If you are a long term equity investor, NOTHING should change in your investing strategy. If you are a Real estate investor the cap of Rs. 200,000 of interest deduction on rental properties should be a hit in the solar plexus. Huge impact on your cash flow post tax. So if you are a person with multiple properties it makes sense to sell of one or 2 properties and downsize your loans.
- Listing of railway PSEs like IRCTC, IRFC and IRCON on the stock exchanges for better public accountability and value unlocking. This is good from the companies point of view, and I would have actually liked a privatisation instead of a listing. Listing does not stop the government from interfering in the day to day working. For example all the oil majors have a lot of people on its rolls – and they work with the Ministry. This unnecessary burden and other expenses like cars, guest houses, etc. will be borne by these psus. Of course the prime suspects for the burden will have to be LiC, some govt. controlled mutual funds, listed etf, nps, epfo, army funds…etc. God bless them.
- Concessional corporate tax rate at 25% for MSMEs with annual turnover upto INR 50 crore – good news for Chartered Accountants, more people will create more entities.
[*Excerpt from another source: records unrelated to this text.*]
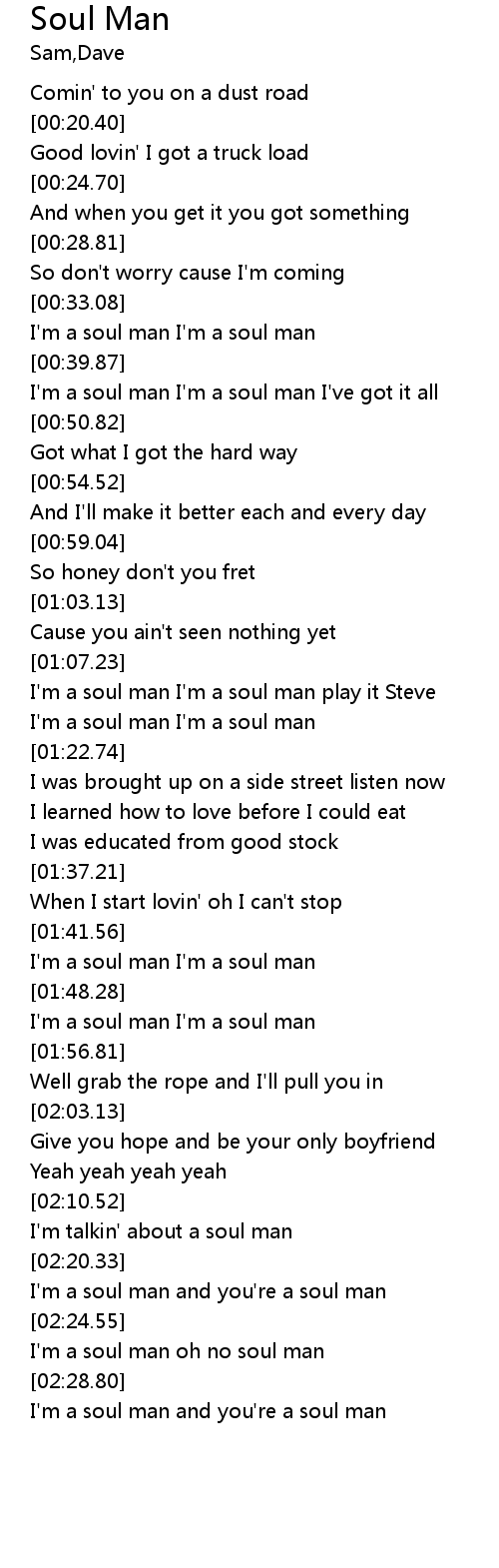 | [00:34.24] | I'm a soul man I'm a soul man |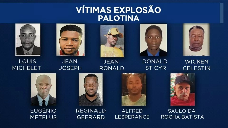 | Wicken Celestin, 55 anos Michelet Louis, de 41 anos; Jean Michee Joseph, de 29 anos; Jean Ronald Calix, de 27 anos; Donald ST Cyr, de 24 anos; Alfred Lesperance, de 44 anos; Eugênio Metelus, de 52 anos; Reginald Gefrard, de 30 anos | Saulo da Rocha Batista, de 53 anos. |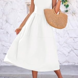 Get ready for summer with our Women’s Sleeveless A Line Midi Beach Dress. This dress is the perfect addition to your summer wardrobe, offering a stylish and comfortable option for casual outings and beach days.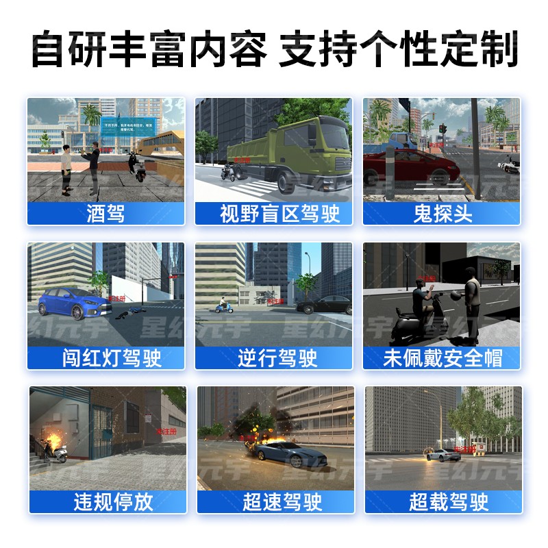 1.沉浸式体验感强:搭配高清 4K VR 头显与 43 寸宽阔大屏,结合真实动感车身与智能电力驱动平台,可模拟加速、刹车、转弯等真实骑行动作,还原酒驾、视野盲区、雨天行驶等多种场景,让用户以视角 “亲历” 危险,代入感远超传统教育形式。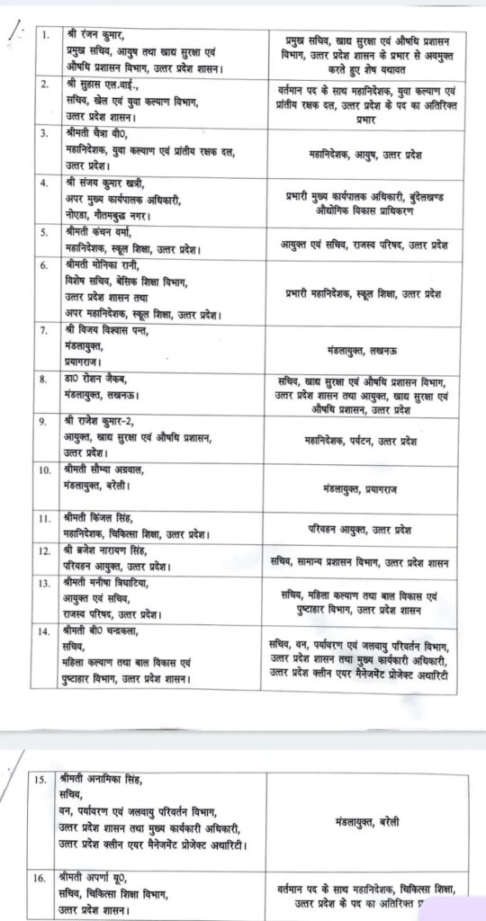 ब्यूरोक्रेसी में बड़ा बदलाव: योगी सरकार ने 14 सीनियर IAS अधिकारियों का किया ट्रांसफर, कई को मिले अहम पद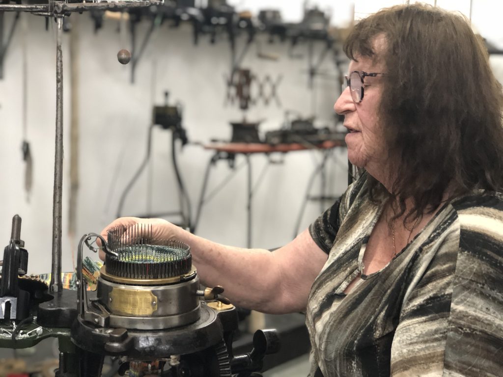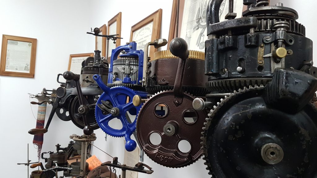 On a screen that towers over this mysterious museum of Circular Sock Machines (which we’ll call CSMs) is Jacqui herself, giving instructions on how to use them. By all measures, she is a sock machine guru, though she’s not into flattery. At the very least, she is a highly-esteemed cranker, and much loved in the sock knitting world. As well as collecting and restoring CSMs, the oldest of which is 120 years old, Jacquie actually builds them.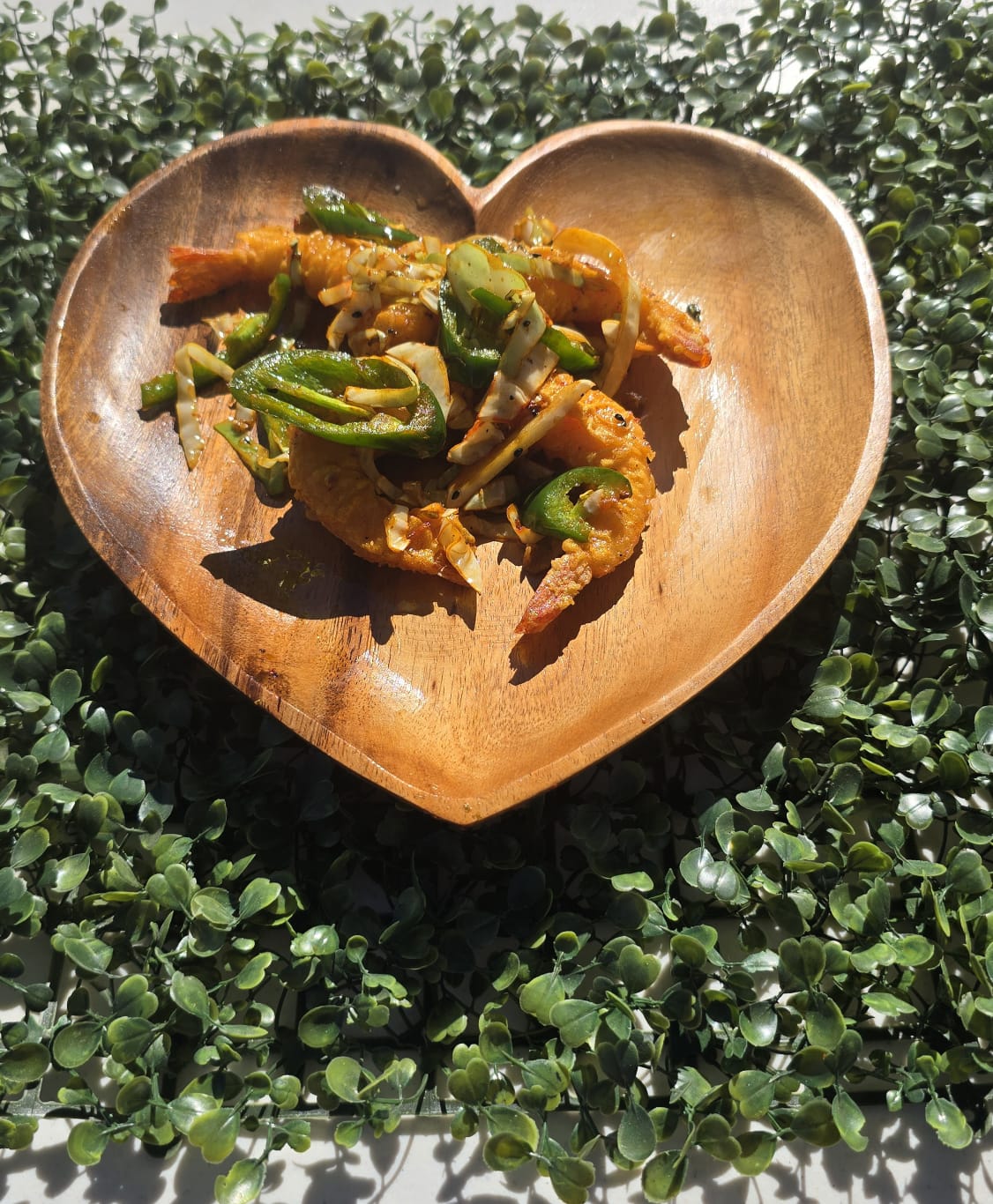 Camarones crispy acompañados de verdura salteada y un toque de jalapeño.

Such arbitrage opportunities are God sent for the professionals. May my brethren thrive.
- No transaction above INR 3 lakh to be permitted in cash – I have no clue who would deal in transactions above 3L in cash, and why. RE deals will continue to deal with big amounts of cash, nothing changes there.
- Reduction in the first slab of personal income taxation for individuals between INR 2.5 to 5 lakhs income from 10% to 5%, surcharge of 10% on income between INR 50 to 100 lakh. This is just perpetuating the fraud of not indexing the Income tax slabs and rates.
- Reduction in the holding period from 3 to 2 years for computing long term capital gains for transfer of immovable property. Absolutely no clue who benefits from this change. They could have changed it for debt funds also.
- Base year for indexation to be shifted from 1.4.1981 to 1.4.2001 for all classes of assets including immovable property. Why not say it will advance by one year every year? So in 2018 it will be 2002….and so on? beats me.
- We view the budget as being disciplined in that it focuses on long term growth while sticking to the stated fiscal trajectory. This is true and a good attempt by Jet Lee.
- Cheaper borrowing rates expected to boost discretionary consumption in the economy which is trying to emerge from the slowdown effects of the currency transfusion program. Government saying it will borrow Rs. 50000 crores LESS is good for the bond market, and leaves a lot of room for the Corporate Private sector to borrow.
- Enhanced agricultural credit limit, increased crop insurance coverage and platform to improve realizations for farmers’ produce could contribute to better farm income and support aggregate demand. Hope that the implementation is done well.
- Equity funds with core exposure to large cap and prudent risk taking in mid/small cap space may be well positioned to capture opportunities presented by prevailing valuations and expected earnings growth. (Fund view, Franklin Templeton)
- Gross borrowing for FY2017-18 pegged at INR 5.8 lakh crore (same as FY2016-17); net borrowing at INR 3.5 lakh crore (lower than FY2016-17) should result in lower supply of fresh government bonds and may provide an interim comfort to bond markets.
- Lower government borrowing could provide more space for corporate borrowings in the capital market.
- Global macroeconomic factors such as possible rise in crude prices, stronger recovery in US (which could lead to interest rate hike by the US Fed) and further outflows by FPIs may impact bond markets.
- Slowdown in growth, benign inflation coupled with fiscal prudence and lower government borrowing could provide some headroom to the RBI for an interest rate cut. Investors (who can withstand volatility) can consider duration bond/gilt funds.
- Low capacity utilization leading to low credit offtake/supply could augur well for spread compression in the sub-AAA segment. We continue to be positive on corporate bond and accrual strategies.